Coco Berger nació en Buenos Aires
el 22 de junio de 1967. Su infancia no fue como la de cualquier niño. No jugaba
y solo aprendió a decir algunas palabras necesarias: comida, baño, sueño, radio. A los ocho años comenzó a
dibujar en un pequeño cuaderno de tapas verdes. La primera señal que tuvieron
sus padres estuvo relacionada precisamente con el cuaderno en donde siempre
dibujaba vehículos de transporte: aviones, helicópteros, buques, trenes, etc.
Cuando acabaron las hojas del cuaderno y su madre le trajo uno nuevo, lo tiró
lejos. “Verde”, dijo. Su padre pensó que no era bueno complacerlo pues podía
convertirse en un pequeño tirano si comenzaban a acceder a todo cuanto requería.
Pasaron tres semanas. Coco se volvió más huraño, silencioso y ensimismado.

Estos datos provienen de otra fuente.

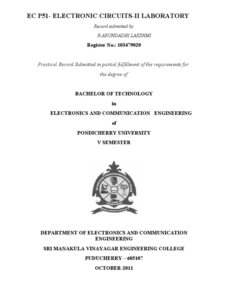 EC P51- ELECTRONIC CIRCUITS-II LABORATORY
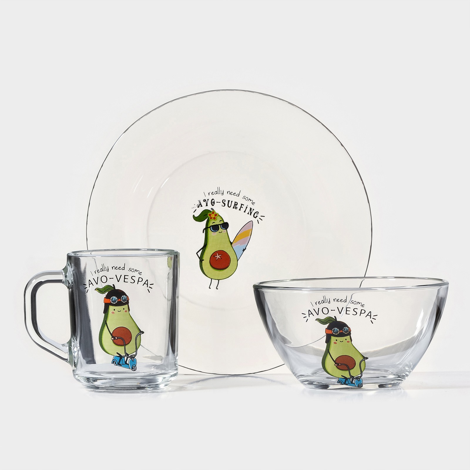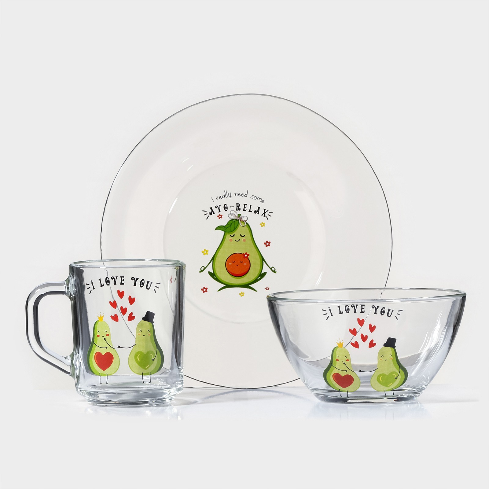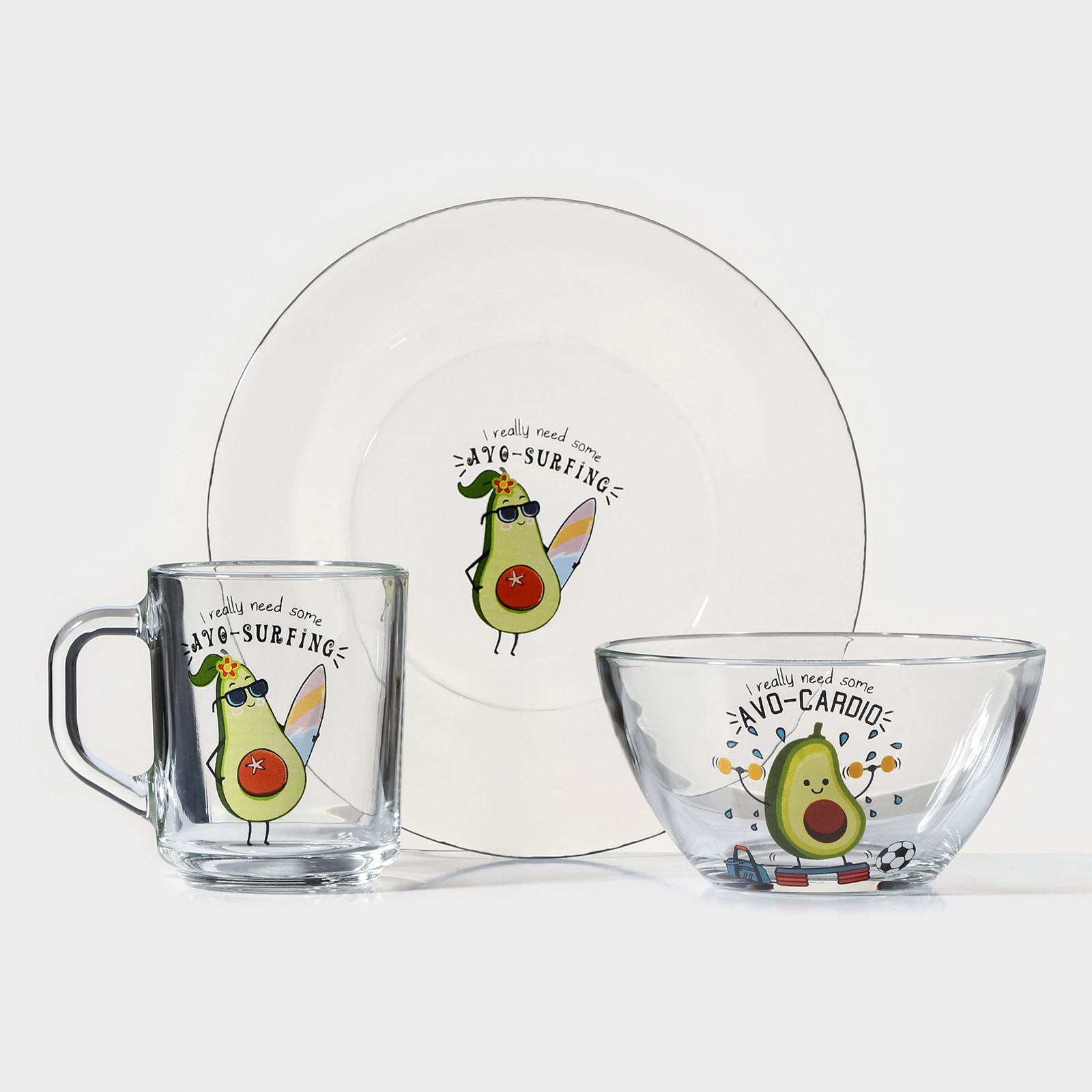 Набор для завтрака «авокадо», 3 предмета: кружка 200 мл, салатник 450 мл, тарелка, рисунок микс

Finalmente accedieron y le entregaron una cuaderno de tapas verdes, igual al
antiguo.
A los dieciocho años entró a la
Academia de Bellas Artes. Muy pronto comenzó a destacarse como uno de los
alumnos mas brillantes de su generación. Sin embargo no podía establecer
relaciones con sus compañeros, no tenia amigos, no hablaba con sus profesores
sino con monosílabos.
En tercer año conoció a Fernanda
que estudiaba escultura y era tan reservada como él. El romance surgió sólo con
miradas, pequeñas e imperceptibles sonrisas y señales en códigos que sólo ellos
entendían.
Después de algunos meses Fernanda
le propuso ir a una confitería en la calle Corrientes. Llegaron a las tres y
media de la tarde y solo abandonaron el local cuando el dueño comenzó a toser y
mirar el reloj insistentemente.
Caminaron varias veces recorriendo la
calle Lavalle y contándose intimidades increíbles que compartían: para ambos
era la primera vez que dialogaban. Se reían cuando alguno decía una palabra
poco usual, pues el otro advertía: “¿es la primera vez que la usas?” Siiii, y
estallaban en carcajadas.
Se confesaron que no entendían las
bromas que sus compañeros hacían; el mundo les parecía demasiado ruidoso e
inmenso, ambos temían mirar a los ojos,
les daba vértigo cuando alguien se les acercaba demasiado.
Cuando
en el amanecer decidieron tomar un Remis les basto entrar al automóvil y
percibir el fuerte olor a colonia que había en su interior para, sin decir
nada, bajarse al instante. El intenso aroma dulzón los descompuso
simultáneamente. En ese preciso momento se comprendieron, se abrazaron y hasta el
día de hoy viven juntos y felices sin hablar mucho. El mundo aun les parece
demasiado grande, pero han construido uno propio en solo ochenta y dos metros
cuadrados, llenos de plantas, esculturas y pinturas tan silenciosas como ellos.